Toshiki Kuno, Keiichi Fukuda, et al
Chronic lung disease (CLD), including chronic obstructive pulmonary disease (COPD), chronic bronchitis, and emphysema, is a common comorbidity in coronary artery disease patients undergoing percutaneous coronary intervention (PCI). CLD and coronary artery disease share a common and significant risk factor: tobacco smoking. COPD is known to increase the risk of cardiovascular disease two- to threefold1,2. Systemic inflammation is present in patients with moderate-to-severe airflow obstruction and is associated with an increased risk of cardiac injury3. The World Health Organization stated that COPD is the fourth leading cause of mortality worldwide, and it could become the third leading cause by 2030.

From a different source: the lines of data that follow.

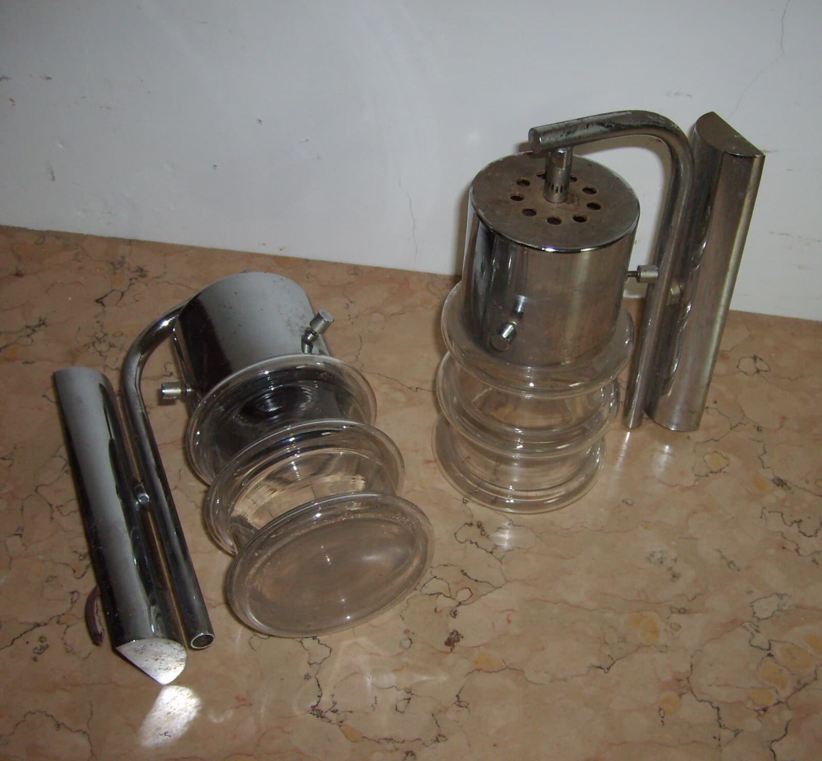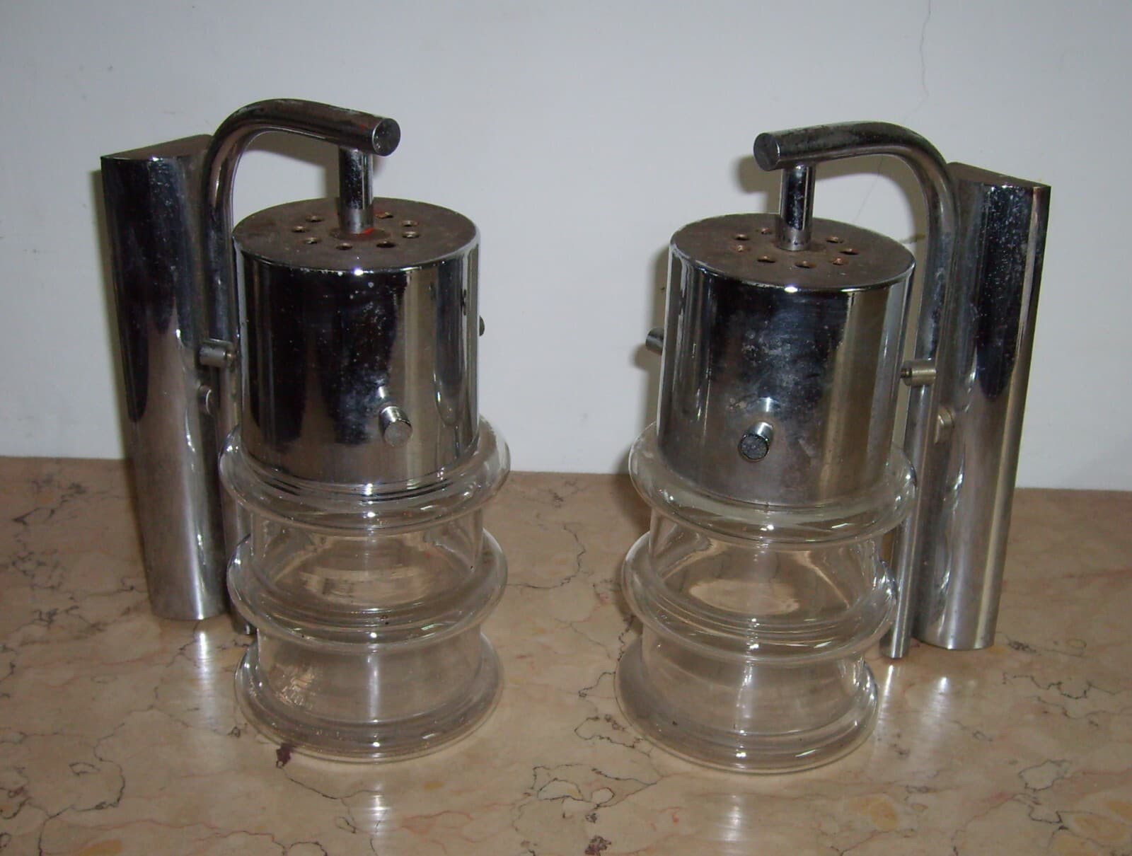 Coppia Di Lampade Da Parete In Metallo Cromato E Vetro, Design Italiano Anni '60 '70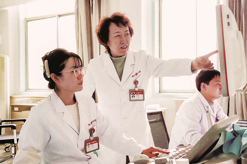 ▽從醫(yī)40多年來,趙冬麗(中)始終默默耕耘在臨床一線,她善待每一位患者,對腹部、心臟、血管、甲狀腺、乳腺等超聲診斷有獨到之處,為患者的治療提供了超聲診斷依據(jù),給臨床提供了可靠信息,為搶救病人贏得了寶貴的時間。圖為3月4日,市中醫(yī)醫(yī)院超聲醫(yī)學(xué)科主任醫(yī)師趙冬麗指導(dǎo)科室醫(yī)師為病人進行B超檢查。
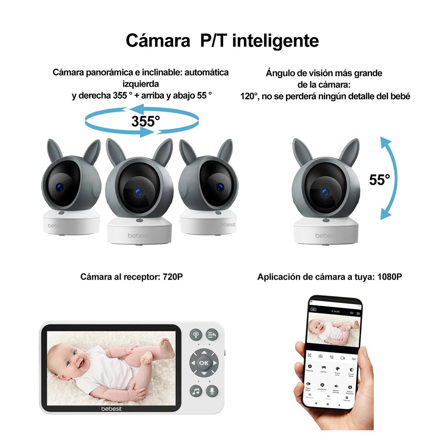 - Visión 360°: La cámara ofrece un rango de visión completo de 360 grados, permitiéndote monitorear a tu bebé desde todos los ángulos posibles sin perderte ningún detalle.

The prevalence of CLD is lower in East Asian countries. Previous studies from Japan showed that CLD was present in only 2.4% of ischaemic heart disease patients4, which is comparatively low compared to Western studies (ranging from 6.0% to 13.9%)5,6. However, the prevalence of COPD continues to increase in Japan and in many Asian countries7 due to increases in cigarette smoking, air pollution, and the ageing population. In Japan, CLD is currently the ninth cause of mortality but is not widely recognised as an important comorbidity in patients with ischaemic heart disease8.
However, the prognostic impact of CLD in acute coronary syndrome (ACS) has not been thoroughly investigated. Therefore, we aimed to clarify the effects of CLD on in-hospital mortality, post-procedural complications, and discharge medications in ACS patients undergoing PCI in a multicentre registry.